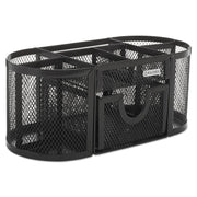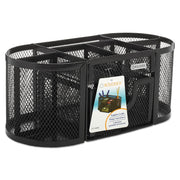 Rolodex Mesh Oval Pencil Cup Organizer, 4 Compartments, Steel, 9.38 x 4.5 x 4, Black
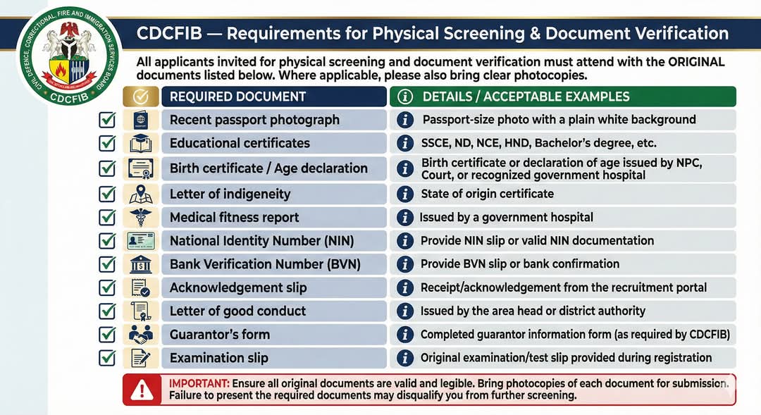 Posted inEducation CDCFIB:- Requirements For Physical Screening & Document Verification Posted by Ibraheem November 27, 2025No Comments CDCFIB:- Requirements For Physical Screening & Document Verification Ibraheem View All Posts Post navigation Previous Post IMPORTANT UPDATE ON CDCFIB RECRUITMENT EXERCISENext PostUniversity of Manchester Humanities Scholarship in UK 2026
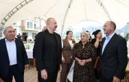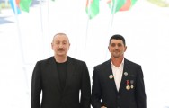 Qadın sakin: Bu gün Sizinlə, ailə üzvlərinizlə, dövlətimizlə fəxr edirəm. Ona görə ki, atamın şəhid olduğu bu torpağa mən bu gün Sizin sayənizdə ayaq basa bilmişəm, gələ bilmişəm. Sizə minnətdarlığımı bildirirəm. Bütün xalqımız Sizinlə qürur duyur. Hər zaman var olasınız.
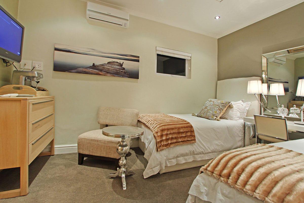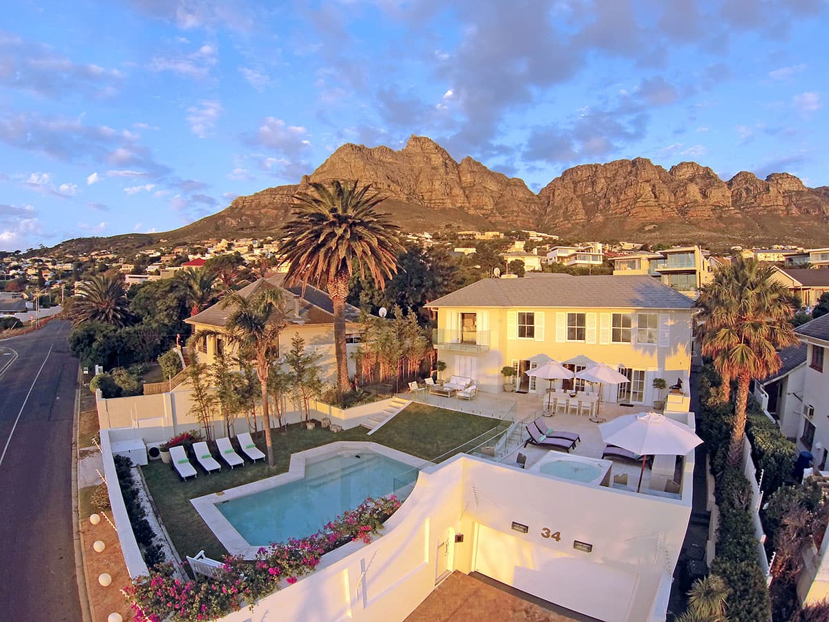 Interiors include a fully equipped kitchen, pool table, gas fireplaces, and bedrooms, several with access to private balconies or courtyards. Within easy reach lie the Camps Bay Promenade and the Table Mountain Cableway, offering a mix of relaxation and exploration. With smart security features, garage parking, and backup power, Villa Galazzio invites long days and shared evenings in one of Cape Town’s most desirable coastal suburbs.
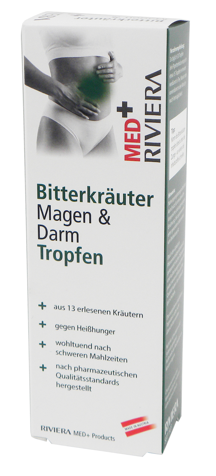 Die Bitterkräuter Magen & Darm Tropfen von RIVIERA Med+ vereinen die Kraft von 13 sorgsam ausgewählten Kräutern. Sie sind ideal zur Unterstützung nach üppigen Mahlzeiten und helfen dabei, Heißhunger auf natürliche Weise zu regulieren.
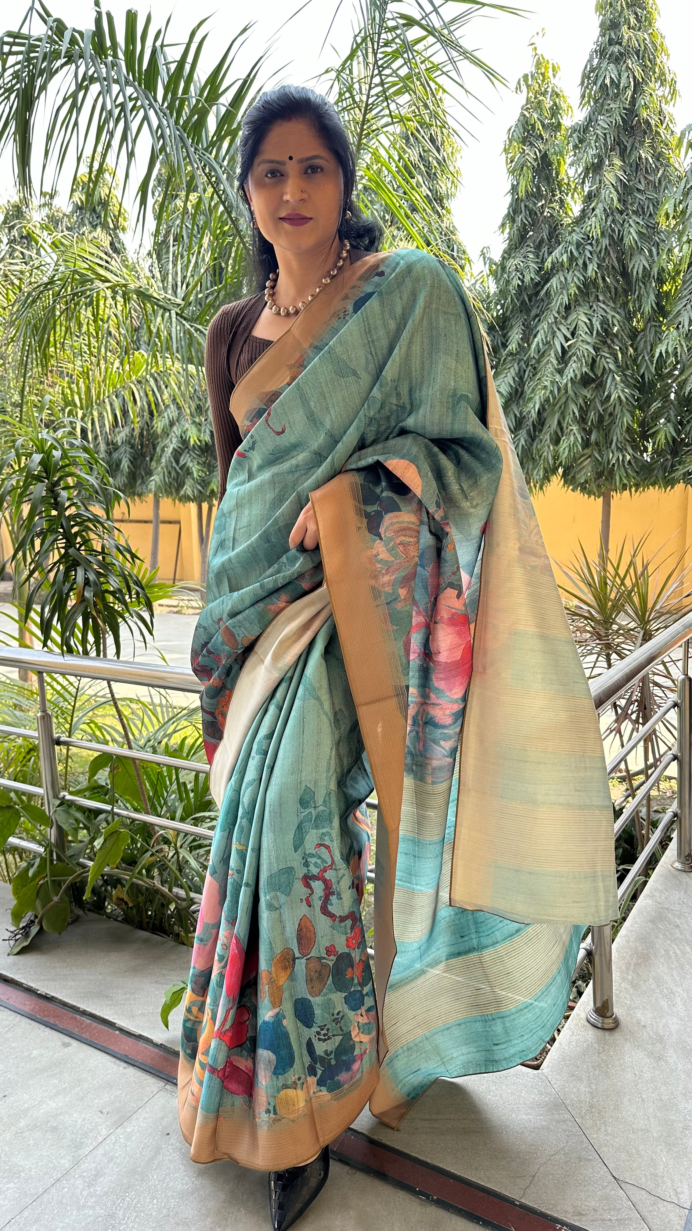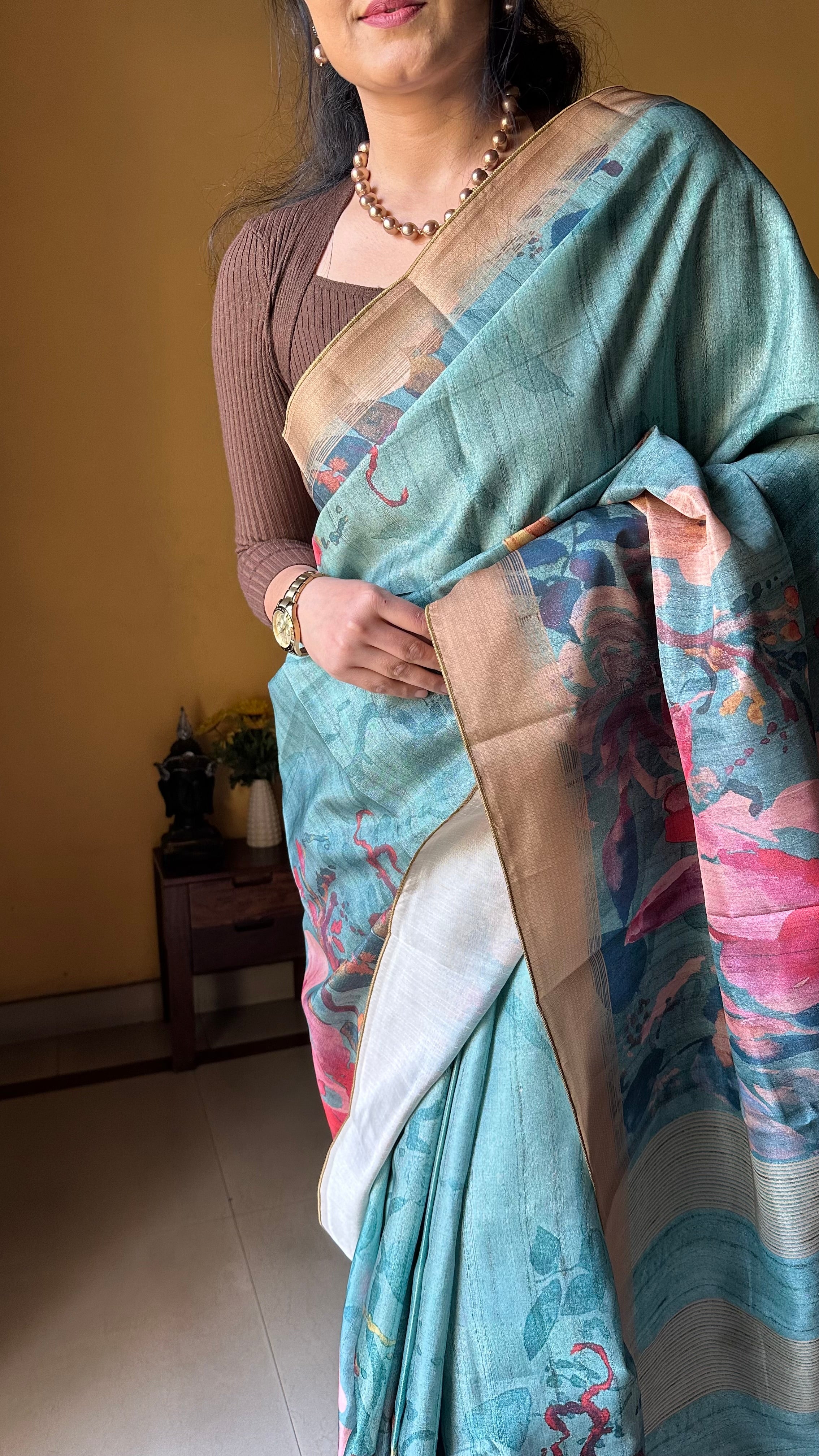 Zia Semi Tusser Saree Sea Blue

▶ Assignment
Above are records with pictures; repeat them exactly, but without the pictures.

▶ Task answer
 Rolodex Mesh Oval Pencil Cup Organizer, 4 Compartments, Steel, 9.38 x 4.5 x 4, Black
 Posted inEducation CDCFIB:- Requirements For Physical Screening & Document Verification Posted by Ibraheem November 27, 2025No Comments CDCFIB:- Requirements For Physical Screening & Document Verification Ibraheem View All Posts Post navigation Previous Post IMPORTANT UPDATE ON CDCFIB RECRUITMENT EXERCISENext PostUniversity of Manchester Humanities Scholarship in UK 2026
 Qadın sakin: Bu gün Sizinlə, ailə üzvlərinizlə, dövlətimizlə fəxr edirəm. Ona görə ki, atamın şəhid olduğu bu torpağa mən bu gün Sizin sayənizdə ayaq basa bilmişəm, gələ bilmişəm. Sizə minnətdarlığımı bildirirəm. Bütün xalqımız Sizinlə qürur duyur. Hər zaman var olasınız.
 Interiors include a fully equipped kitchen, pool table, gas fireplaces, and bedrooms, several with access to private balconies or courtyards. Within easy reach lie the Camps Bay Promenade and the Table Mountain Cableway, offering a mix of relaxation and exploration. With smart security features, garage parking, and backup power, Villa Galazzio invites long days and shared evenings in one of Cape Town’s most desirable coastal suburbs.
 Die Bitterkräuter Magen & Darm Tropfen von RIVIERA Med+ vereinen die Kraft von 13 sorgsam ausgewählten Kräutern. Sie sind ideal zur Unterstützung nach üppigen Mahlzeiten und helfen dabei, Heißhunger auf natürliche Weise zu regulieren.
 Zia Semi Tusser Saree Sea Blue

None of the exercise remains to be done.